Sometimes I'm evil, that way.


----------



## Miz Mary (Feb 15, 2003)

Oh my , that looks FUN !! Cant wait to see what ya do !!


----------



## lathermaker (May 7, 2010)

I'm seriously jealous! A carder is the next thing on my wish list...


----------



## gone-a-milkin (Mar 4, 2007)

knitting skills? check

piles of fleeces? check

industrial sized flyer and bobbin? check

big o' carder and kids to crank it? check

a long winter ahead? check

Looks like you are about ready to to get busy.
Just need to finish confabulating that new wheel and you will be good to go.


Its about time.


----------



## Forerunner (Mar 23, 2007)

I even quick-washed a spot of my ram's black fleece today. 

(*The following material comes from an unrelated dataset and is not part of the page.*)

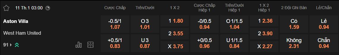 Trong kèo châu Á hôm nay, Aston Villa đang ở cửa trên và nhận mức chấp là 3/4. Với những gì đang có, chủ nhà hoàn toàn đủ sức tạo ra thế trận tốt trước đối thủ. Cần biết rằng, thành tích đá sân khách của West Ham hết sức kém cỏi với chỉ 2 chiến thắng giành được sau tổng cộng 11 trận đã chơi kể từ đầu mùa. Trong 4 lần gần nhất 2 đội chạm trán nhau, The Villa bất bại.
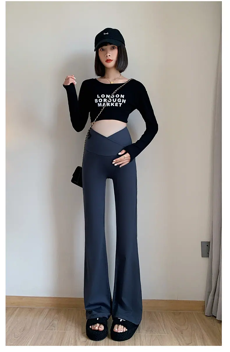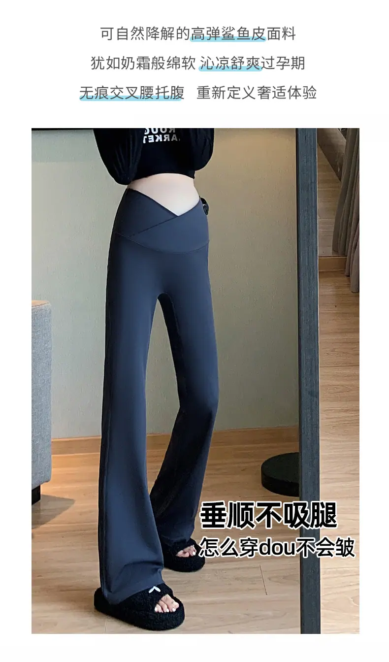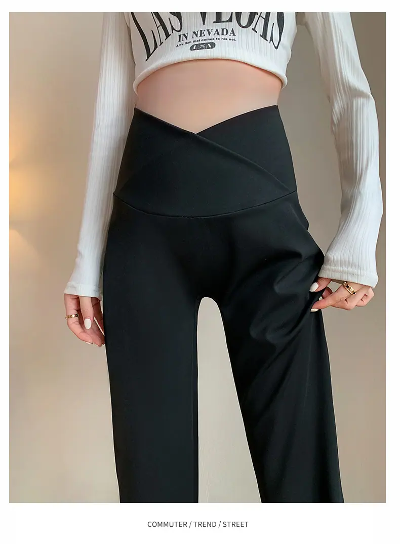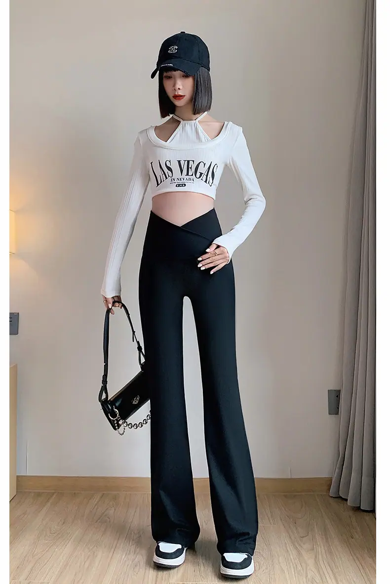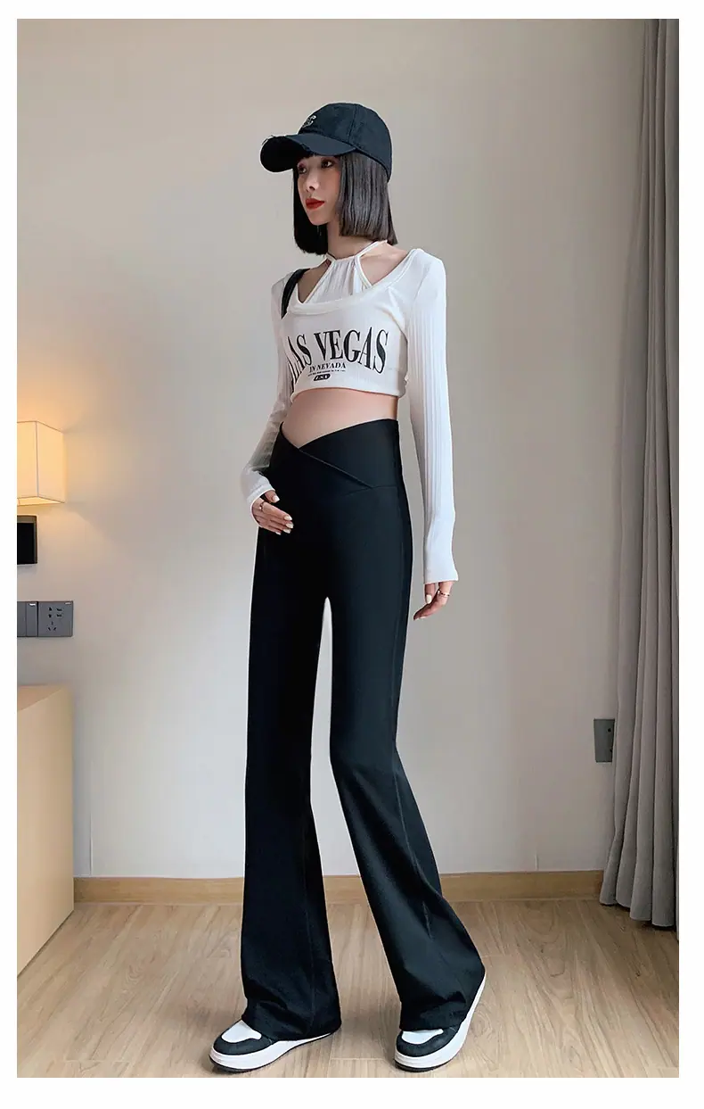 Pantalones de maternidad otoño e invierno más terciopelo ropa exterior 2025 nuevos leggings de maternidad cintura baja pantalones acampanados de tiburón pantalones largos ropa de invierno

I put a double handful in a pot on the woodstove with a spot of shampoo, let it soak/cook (by no means too hot, though) for a few minutes, then rinses hot several times.
It smells nice now, drying above the stove in a perforated stainless restaurant pan. 
I should have just enough to fill the drum wheel once, to see how big a batt I be making, now. :bouncy:

Then there are three batches of clean wool up in the fiber room. :huh:

Indeed there may be pics of a sweater in me own wool before Chrimmas. :thumb:


----------



## mamajohnson (Nov 27, 2002)

Oh congrats! I am also somewhat jealous!
I would love to have a drum carder. 

One day....when I get rich.


----------



## MullersLaneFarm (Jul 23, 2004)

Thank goodness you finally posted this! I was about ready to bust at the seams keeping quiet about it!

Sweater by next weekend, did you say?


----------



## Callieslamb (Feb 27, 2007)

I think you're going to need more sheep. You'll use all your fleece up in a hurry with that! congratulations!


----------



## DragonFlyFarm (Oct 12, 2012)

Beautiful carder -- I'm more than a bit jealous. Had to giggle when you said it was twice the size you were expecting. Big carder, big needles, big sweaters......you go!


----------



## Forerunner (Mar 23, 2007)

Matthew has been hand carding rolags and cranking them onto the carder, on and off today. He's drawing off the 4-500 ounces I washed the other day from the black Rambouillet.
Haven't filled the drum yet. :whistlin:

I did just finish the body and lapel on an even more elaborate cardigan/robe.
Stitches are picked up for the first sleeve.....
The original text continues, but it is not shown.